- Date: 16–22 September 2019
- Edition: 12th
- Surface: Clay
- Location: Biella, Italy

Champions

Singles
- Gianluca Mager

Doubles
- Tomislav Brkić / Ante Pavić
- ← 2018 · Thindown Challenger Biella · 2020 →

= 2019 Thindown Challenger Biella =

The 2019 Thindown Challenger Biella was a professional tennis tournament played on outdoor red clay courts. It was part of the 2019 ATP Challenger Tour.
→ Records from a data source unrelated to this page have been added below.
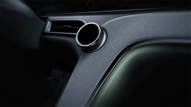 内饰方面,新车采用了当下十分流行的双联屏设计,大尺寸贯穿屏搭配双辐式多功能方向盘,让新车看上去十分具有科技感。同时,比较有新鲜感的是中控区域以及中央通道造型设计,简洁的同时很有设计感。值得一提的是,新车首创的i-Surf 科技皮肤能够更好地与用户进行“交流”,用户可以自定义信息,制造惊喜,甚至打造“女王专属副驾”。侧面来车时,它还会向你投来“目光”,提醒潜在的碰撞风险。同时,i-Surf 科技皮肤采用了威马自主研发的三防科技面料,具备防水、防油、防污功能。i-Rota超级表盘采用“智能手表”表盘式设计,内含丰富微表情,既是情感交互的载体,显示图片、表情、符号等趣味内容,也是车辆控制的中枢旋钮,实现对不同功能的控制,如歌曲切换、温度调节等。
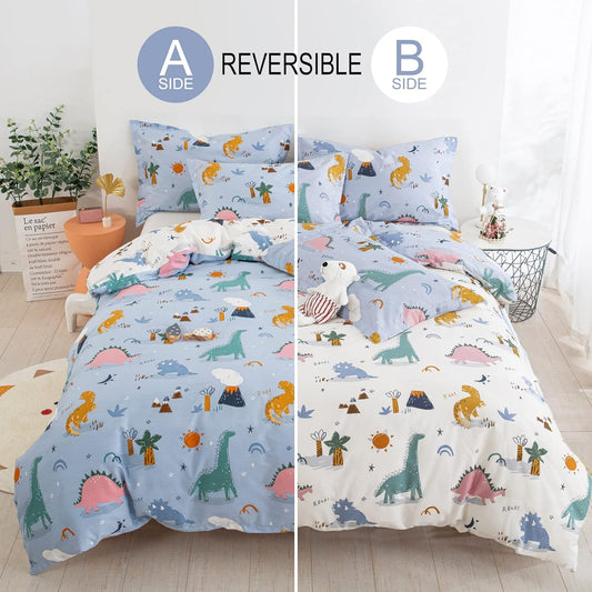 Juego de funda de duvet dinosaurios reversible azul 100% algodón
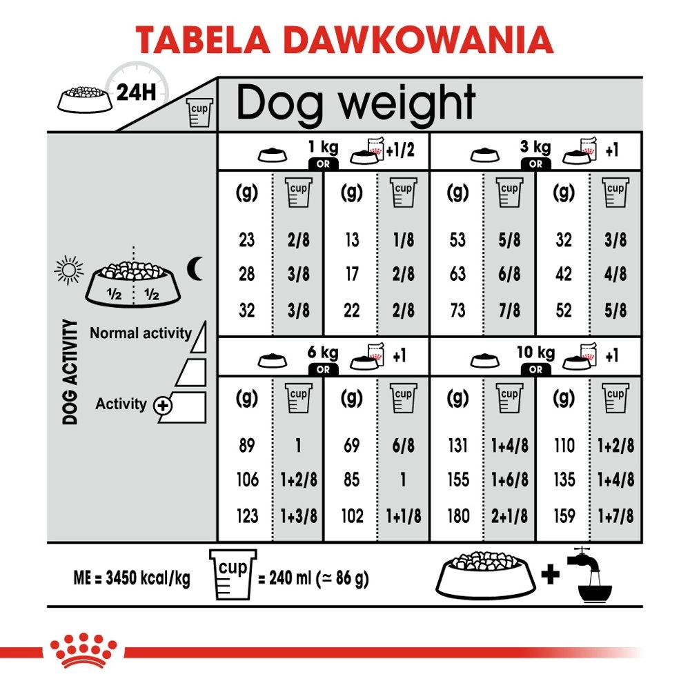 | Waga psa | 1 kg | 3 kg | 6 kg | 10 kg |
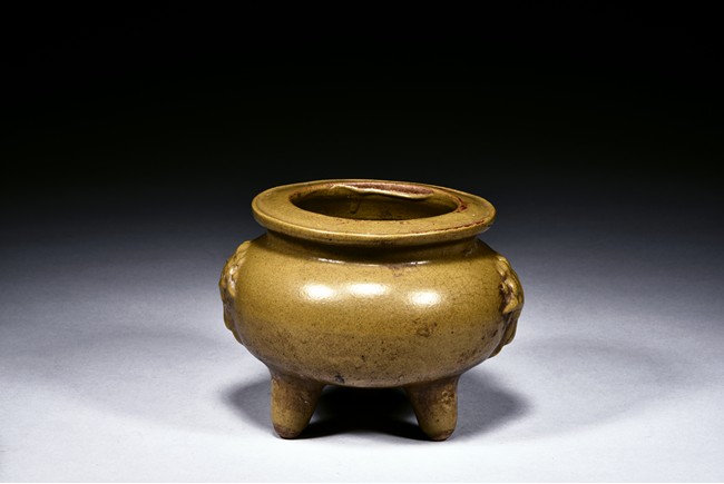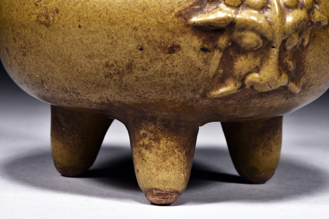 Raised on three feet,of compressed globular form flanked by two raised lion motif,overall covered in tea dust glaze. Qing Dynasty period.
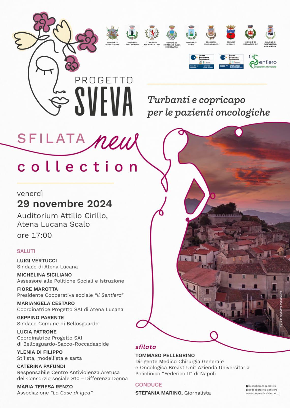 È attesa per il prossimo pomeriggio di Venerdi 29 Dicembre, nell’auditorium Attilio Cirillo di Atena Lucana Scalo, la sfilata della nuova collezione di turbanti e copricapi per le pazienti oncologiche, realizzati dal laboratorio tessile del “Progetto Sveva”, il laboratorio di sartoria a cura delle donne migranti coadiuvate dalla Cooperativa sociale “Il Sentiero”.
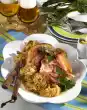 Add oil. Mix salad ingredients and vinaigrette. Serve the salad with the ribs.
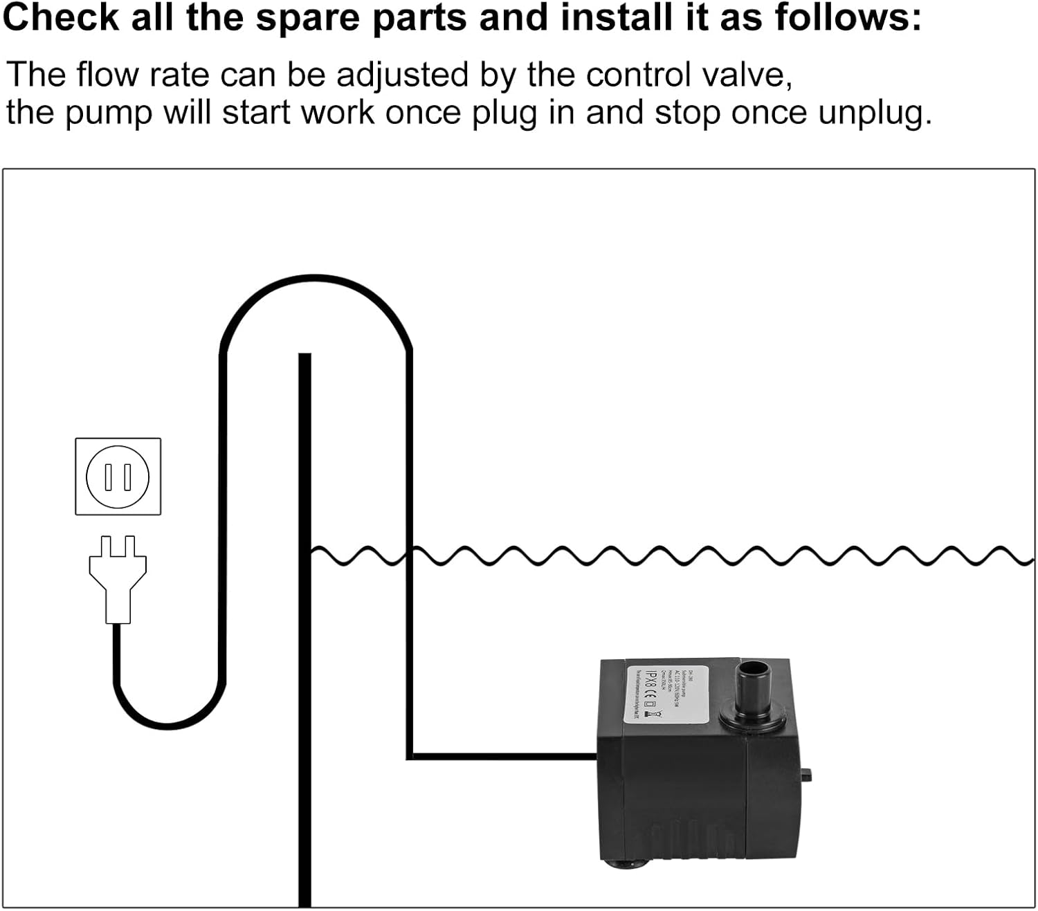 - Included Components: 95GPH 5W Mini Submersible Water Pump

It took place in Biella, Italy between 16 and 22 September 2019.

==Singles main-draw entrants==

===Seeds===

| Country | Player | Rank^{1} | Seed |
|---|---|---|---|
| ESP | Alejandro Davidovich Fokina | 109 | 1 |
| ESP | Jaume Munar | 112 | 2 |
| SVK | Andrej Martin | 114 | 3 |
| ITA | Paolo Lorenzi | 121 | 4 |
| JPN | Taro Daniel | 137 | 5 |
| ITA | Lorenzo Giustino | 138 | 6 |
| ITA | Alessandro Giannessi | 140 | 7 |
| ITA | Gianluca Mager | 142 | 8 |
| ITA | Filippo Baldi | 148 | 9 |
| ITA | Federico Gaio | 154 | 10 |
| ESP | Mario Vilella Martínez | 190 | 11 |
| ARG | Marco Trungelliti | 196 | 12 |
| ESP | Tommy Robredo | 201 | 13 |
| ITA | Stefano Napolitano | 203 | 14 |
| FRA | Elliot Benchetrit | 211 | 15 |
| ARG | Carlos Berlocq | 228 | 16 |

- Rankings are as of 9 September 2019.

===Other entrants===
The following players received wildcards into the singles main draw:
- ITA Federico Arnaboldi
- ITA Matteo Arnaldi
- ITA Giacomo Dambrosi
- ITA Gabriele Felline
- ITA Pietro Rondoni

The following player received entry into the singles main draw using a protected ranking:
- ESP Daniel Muñoz de la Nava

The following players received entry from the qualifying draw:
- BRA Oscar José Gutierrez
- BRA Fernando Romboli

==Champions==

===Singles===

- ITA Gianluca Mager def. ITA Paolo Lorenzi 6–0, 6–7^{(4–7)}, 7–5.

===Doubles===

- BIH Tomislav Brkić / CRO Ante Pavić def. URU Ariel Behar / KAZ Andrey Golubev 7–6^{(7–2)}, 6–4.